Иванов пытался представить, что в эти минуты переживал его начальник. Он сам всего два месяца назад окончил академию и пришел в Разведывательное управление Генштаба Красной армии. Но чтоб кто-то из его товарищей по факультету мог стать предателем, такого не могло присниться даже в самом жутком сне. А тут все наяву.

Михаила Сироткина, как одного из лучших слушателей, послали на стажировку в Японию. По возвращении в Москву его назначили начальником японского отделения Разведывательного управления. Однако пробыл он на этой должности всего несколько месяцев.
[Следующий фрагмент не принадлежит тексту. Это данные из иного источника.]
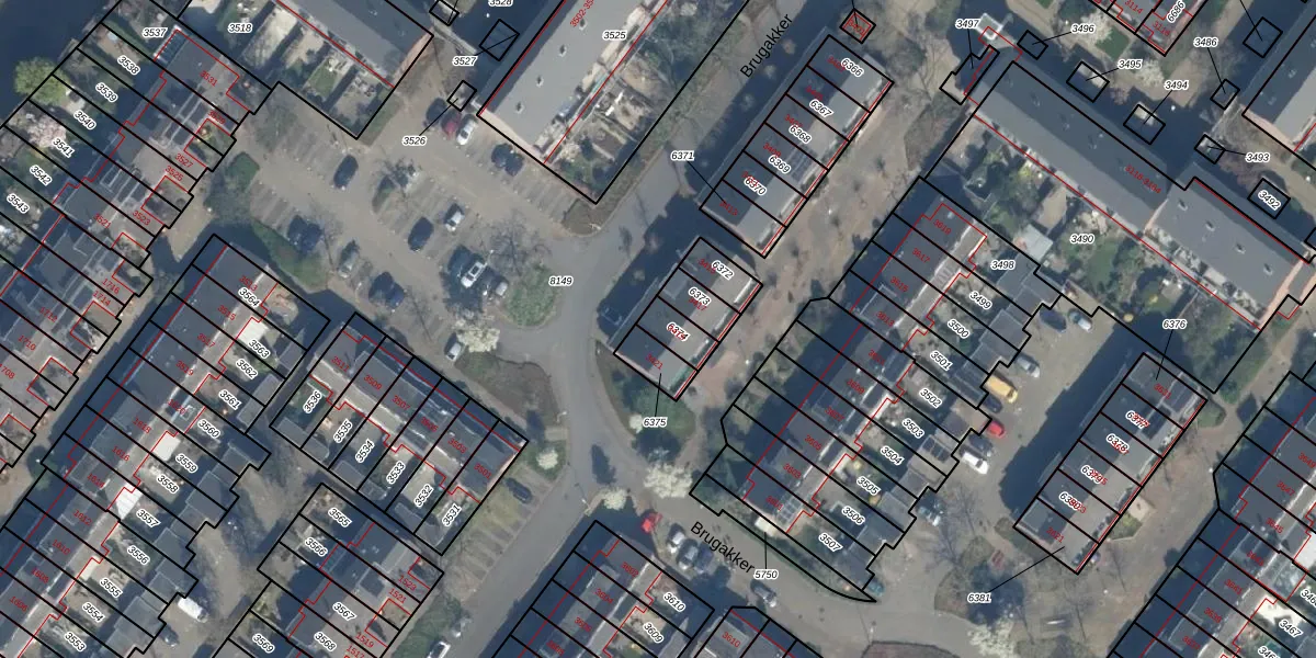 Het perceel waarop Brugakker 3419 staat heeft een oppervlakte van 66 m². Dit is een klein perceel. De perceeloppervlakte wordt geregistreerd door het Kadaster. Gedetailleerde informatie over de maten van dit perceel kunt u vinden in het rapport Kadastrale kaart met maatvoering van Brugakker 3419.
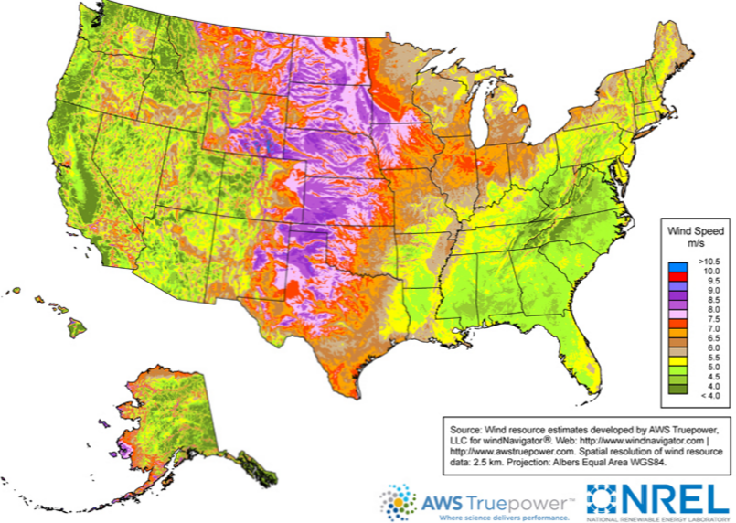 Source: Energy.gov; wind speed (m/s) at 80m above ground level.
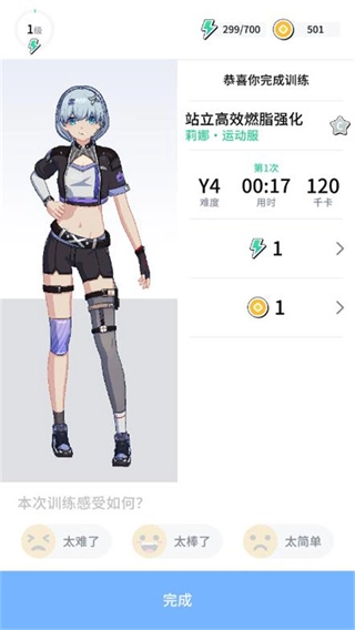 训练结束后,教练也会给予夸奖,称赞你表现出色,还能查看本次训练所消耗的时间、难度等级以及卡路里数量。
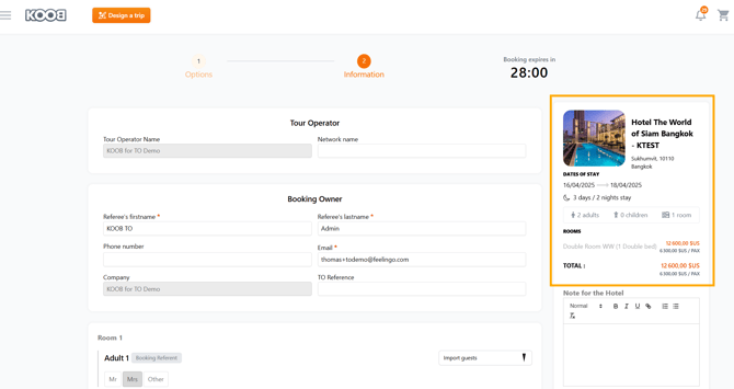 KOOB ensures every hotel reservation is tracked, updated and communicated through clear statuses and automatic notifications. This guarantees transparency between the TO, the DMC, and the hotel.
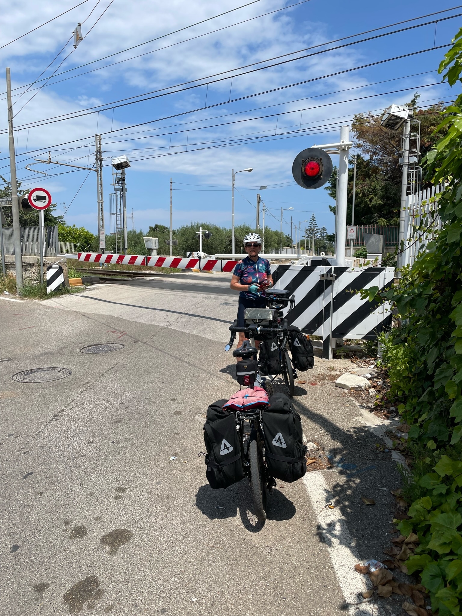 The ride through this area was a means to an end. It was a route that hugged the coastline and eventually went to Trani. Along the way we had to navigate between two airports. Traffic became more frenetic at that point and soon after that, our route came to an end where it met a swampy creek. The proposed route merged onto a freeway which was impassable for bikes. Not would we attempt such a thing, anyway.
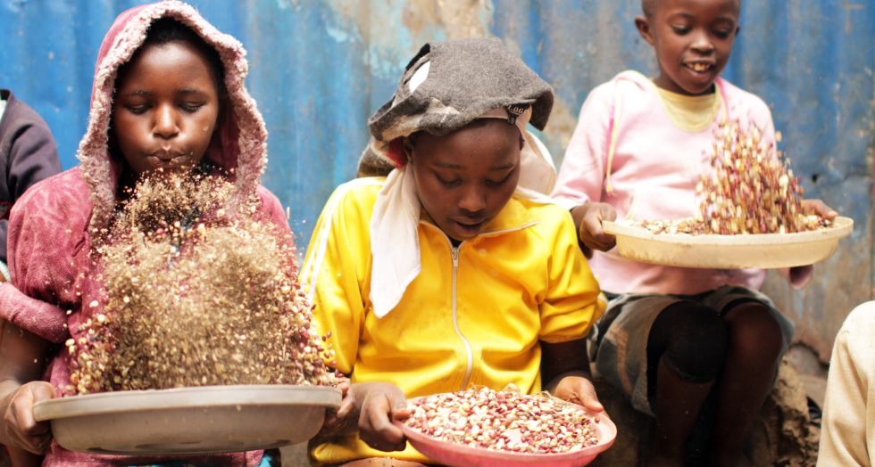 Nyachot displays a handful of maize grains that form part of the food ration she receives in World Food Programme restored full rations in January, but the funding situation remains uncertain and WFP ...

В ноябре 1938 года его уволили из армии и арестовали.

Майору Сироткину предъявили тяжелое обвинение, якобы он предал нашего резидента в Токио Рихарда Зорге. Об этом с Лубянки сообщили начальнику Разведывательного управления комдиву Ивану Проскурову. Тот договорился с руководством НКВД об очной ставке с подследственным Сироткиным и послал начальника японского отделения полковника Петра Попова выяснить подробности предательства. Петр Акимович в качестве «секретаря» взял с собой капитана Иванова. Тем более что капитан с первого дня своего прихода в отделение занимался резидентурой «Рамзай».

Словом, Иванов, как модно говорить сегодня, был в теме. Да и самому ему, откровенно говоря, очень хотелось взглянуть в глаза предателю, услышать, что тот скажет в свое оправдание.
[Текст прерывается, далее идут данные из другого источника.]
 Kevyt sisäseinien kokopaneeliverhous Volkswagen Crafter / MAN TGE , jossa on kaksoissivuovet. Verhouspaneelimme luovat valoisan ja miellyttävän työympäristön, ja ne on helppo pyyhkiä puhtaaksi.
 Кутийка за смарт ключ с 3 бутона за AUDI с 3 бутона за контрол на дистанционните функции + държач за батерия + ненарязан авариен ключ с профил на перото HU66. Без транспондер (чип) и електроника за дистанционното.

Впрочем, очная ставка вышла совсем иной, чем представлял себе капитан. У входа их встретил сержант НКВД. Он подозрительно осмотрел Попова и Иванова с ног до головы и приказал следовать за ним. При этом сержант все время держал руку на кобуре, которая была расстегнута. Создавалось впечатление, что он опасался неожиданного нападения. Но по сумеречному коридору Лубянки шли только они втроем. Стало быть, напасть на сержанта могли только полковник Попов и капитан Иванов.

Камера, куда их привел сержант, оказалась затхлой и мрачной. Под низким потолком поблескивали дневным светом два маленьких, зарешеченных окошка. Иванов разглядел три стола – один перед дверью, два других слева и справа у стен.
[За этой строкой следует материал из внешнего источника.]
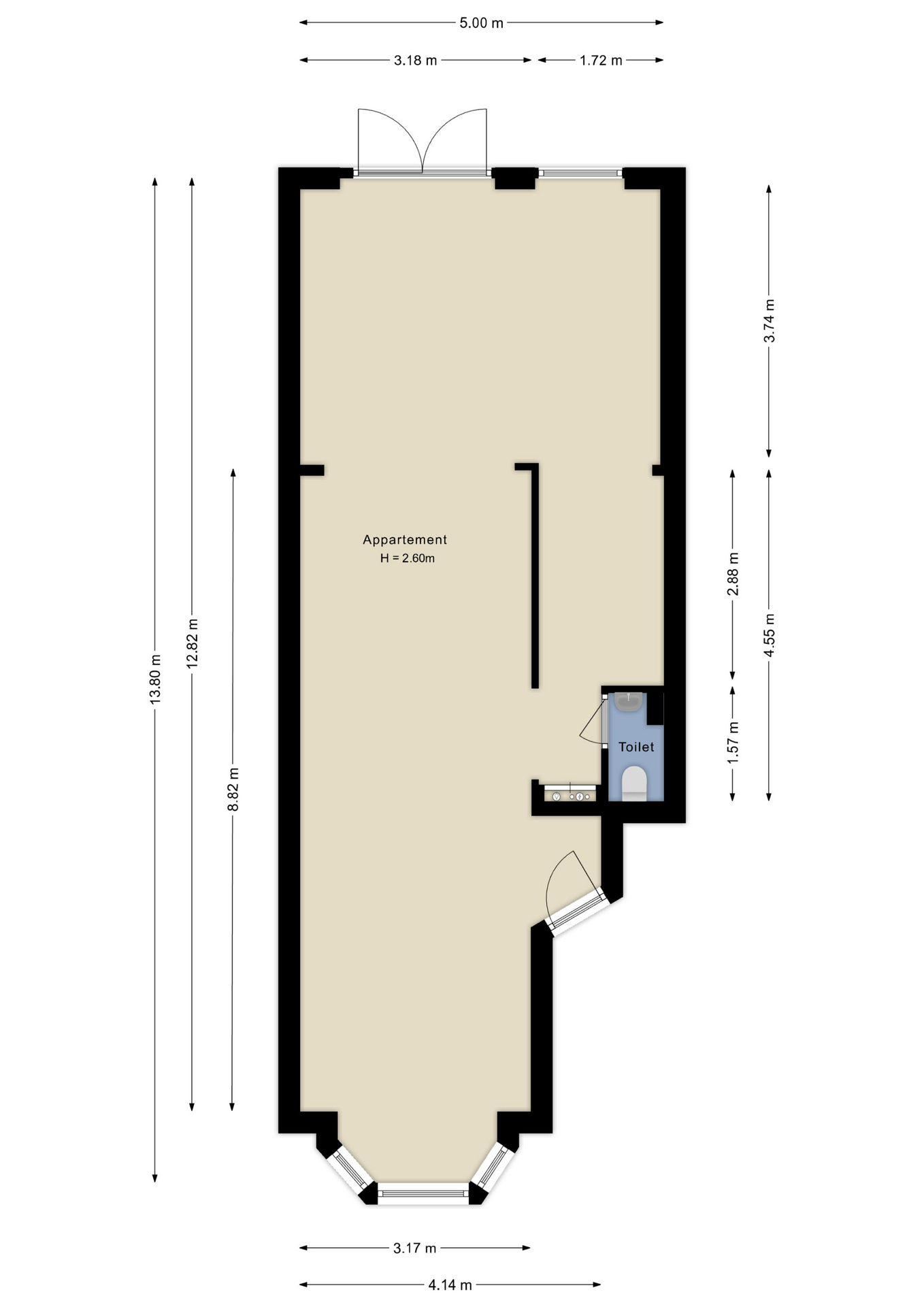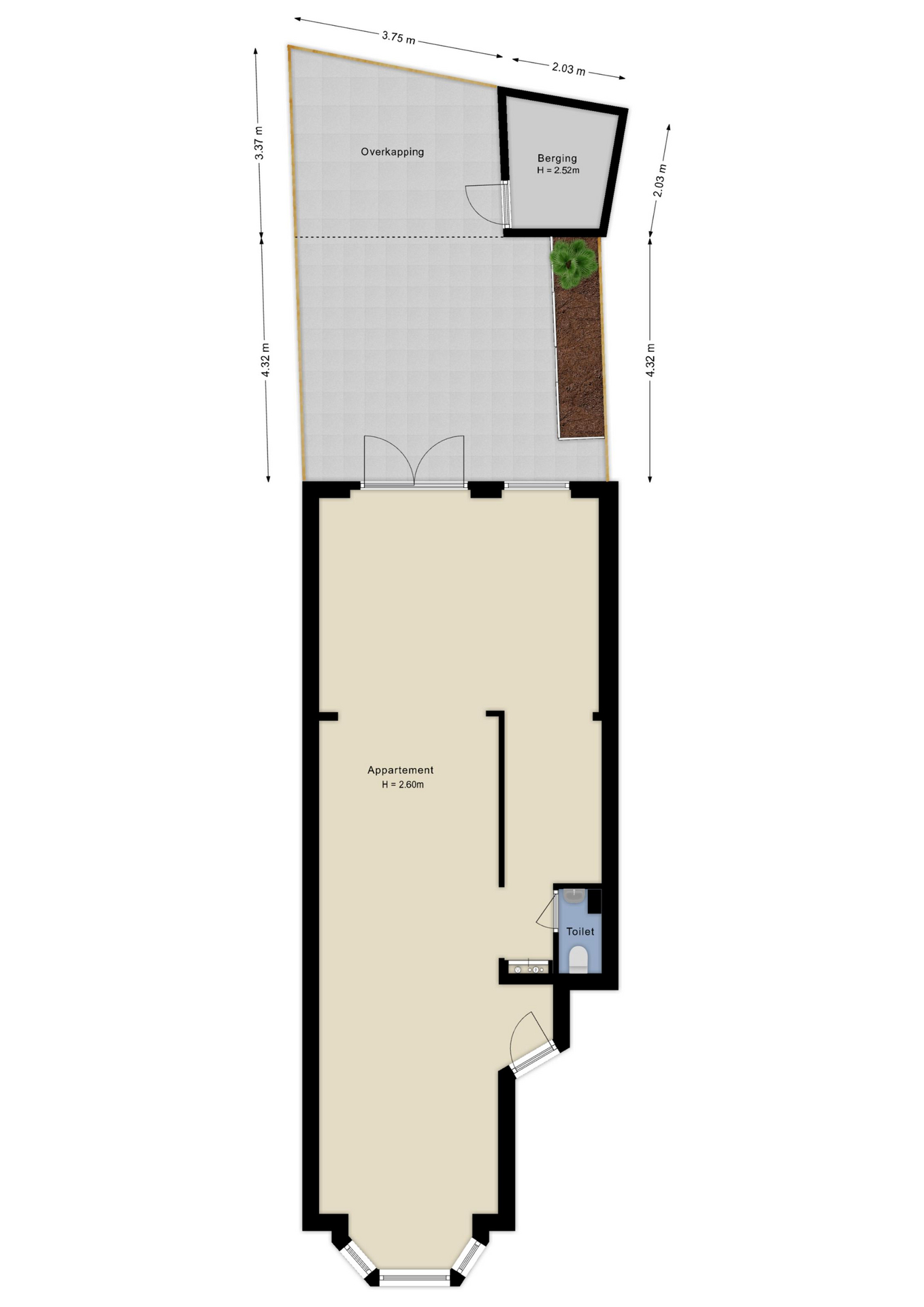 INDELING APPARTEMENT: Entree in open ruimte met aan de voorzijde een erker en in de uitbouw openslaande deuren naar de tuin. In de ruimte is een apart toilet met fontein en een meterkast geplaatst. Verder is de open ruimte eenvoudig in te delen als een 2-kamerappartement met (open) keuken, slaapkamer en badkamer.
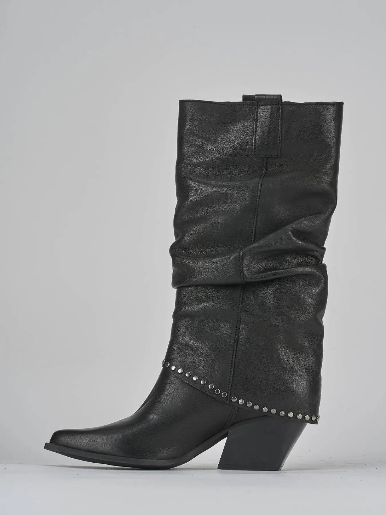 La punta sfilata e il risvolto aggiungono un tocco di raffinatezza, mentre le borchie e il guardolo sporgente donano un look cool e moderno.

Ровно в одиннадцать ввели Сироткина. Следователь прочитал несколько строк из дела, представляя подследственного. Тут же металлическим голосом, уже обращаясь к работникам Разведуправления, он сообщил, что очная ставка продлится полчаса, вопросы задавать только по заранее оговоренной теме, записи вести в отдельной тетради.

НКВДшник взглянул на Иванова и уточнил, что написанное проверит. Дальше он озвучил запреты общего порядка: в камере не курить, не пользоваться зажигалкой и спичками, нельзя пить напитки и горячий чай, вставать с места и кричать. Наконец, после долгой тирады, следователь разрешил задавать вопросы.

– Здравствуй, Сироткин. Узнаешь ли меня? – спросил Попов.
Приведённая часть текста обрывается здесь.